Caches in embedded systems

Hi I would like to know what sort of caches (Icache and Dcache) do typical embedded systems use. I know caches are avoided in real time applications but wondering when they are used what sort of configuration do they have Directmapped/assoictaivity, what line size etc, writeback/write through ? That aso leads me to askembedded systems with caches what sort of applications are they used in. Can any one give me some examples.

thanks Shrey

Reply to
shrey
Loading thread data ...

On 3 May 2006 18:04:17 -0700, "shrey" wrote in comp.arch.embedded:

^^^^^^^^^^^^^^^^^^^^^^^^^^^^^^^^^^^^^^

If you are asking elementary questions like this about the use of cache, how do you know they are "avoided in real time applications"? What is your source for this information?

We are shipping a product today with a board developed about 10 years ago, with a 66 MHz 486DX2 running a commercial RTOS.

Do you really think we avoided turning on the built-in cache in the

486 to decrease our worst-case processor loading from close to 80% to under 50%, and improve response times for the highest priority events?

If really think that, think again.

Our latest generation uses an ARM9 with 16k each of on-chip I cache and D cache.
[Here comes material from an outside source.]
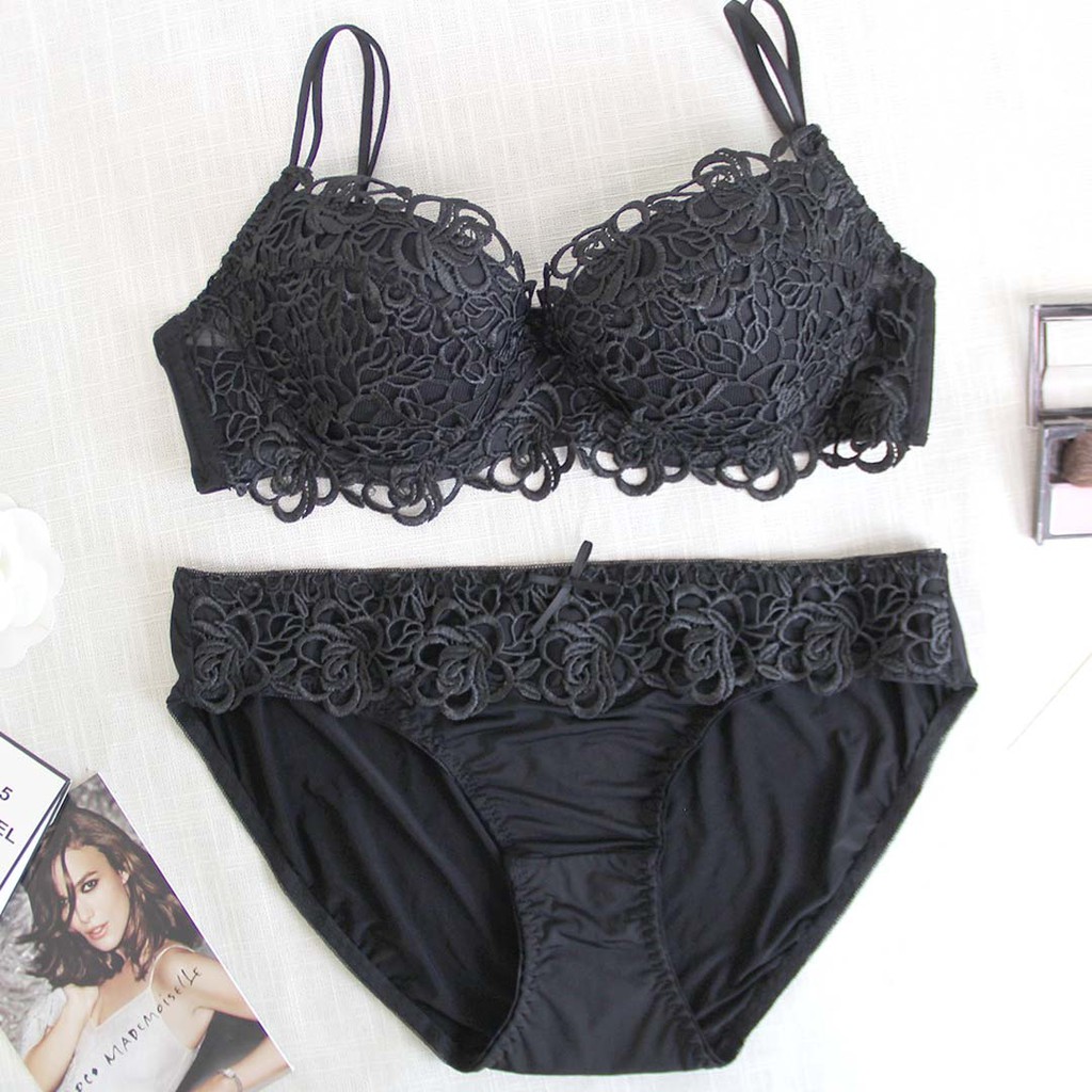 【艾波迷亞】法式情人 縷空刺繡 鋼圈內衣 素色內衣 集中 成套 7058

Maybe you think we don't use them.

For future use, we are looking at Freescale's ARM11, which has the same size I and D cache, and also 128KB level 2 cache on chip. I guarantee you that if/when I put this part on a board, we will use that cache as well.

And of course, there are a large number of PC and/or PC compatible running real time embedded applications under VxWorks, QNX, and others, that use the on-chip cache of the x86 processor plus in some cases external cache on the motherboard.
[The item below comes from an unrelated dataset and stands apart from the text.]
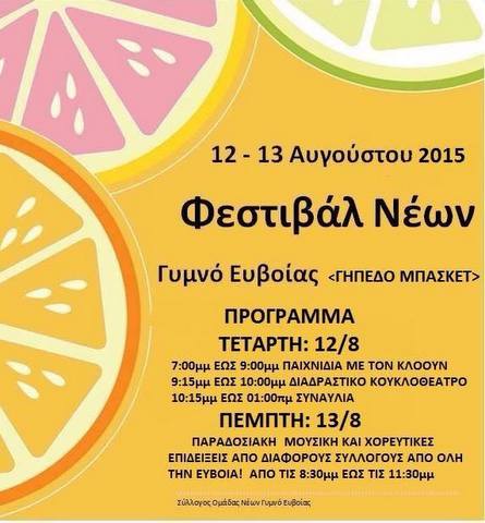 Ο Σύλλογος της Ομάδας Νέων του Γυμνού Εύβοιας διοργανώνει φεστιβάλ νέων στο Γυμνό, την Τετάρτη 12 και την Πέμπτη 13 Αυγούστου. Το φεστιβάλ θα πραγματοποιηθεί στις εγκαταστάσεις του γηπέδου μπάσκετ του χωριού.

If you are talking about adding cache memory external to the microprocessor/microcontroller, you should be more specific.
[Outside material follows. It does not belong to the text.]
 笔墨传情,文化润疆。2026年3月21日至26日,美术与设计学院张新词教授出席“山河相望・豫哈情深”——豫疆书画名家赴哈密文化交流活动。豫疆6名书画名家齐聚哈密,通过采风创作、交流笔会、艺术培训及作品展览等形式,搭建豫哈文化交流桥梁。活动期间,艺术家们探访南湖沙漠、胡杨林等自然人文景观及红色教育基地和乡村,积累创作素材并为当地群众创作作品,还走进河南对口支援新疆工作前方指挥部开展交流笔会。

The first spin of our 486 board 10 years ago had 128KB of external level 2 cache. It was eliminated as a cost reduction when the system went into production because by then we had verified acceptable performance to meet our requirements using only the on-chip cache.

--
Jack Klein
Home: http://JK-Technology.Com
 Click to see the full signature
Reply to
Jack Klein

Am I missing something? AFAIK, cache is an addressable piece of (presumably, fast) memory which we ask the MMU to use for cache functionality. If so, we may choose it for different purposes, such as buffer(s) for intensive calculations. I mean, if "embedded software" is the software which is a part of a device, it generally knows what device it runs on and what it is doing. So, it can possibly use fast memory better than a general-purpose caching algorithm built into the MMU. Again, am I missing something? Please help me here. Regards, Ark

Reply to
Ark

Yes, you're missing almost everything about cache memory.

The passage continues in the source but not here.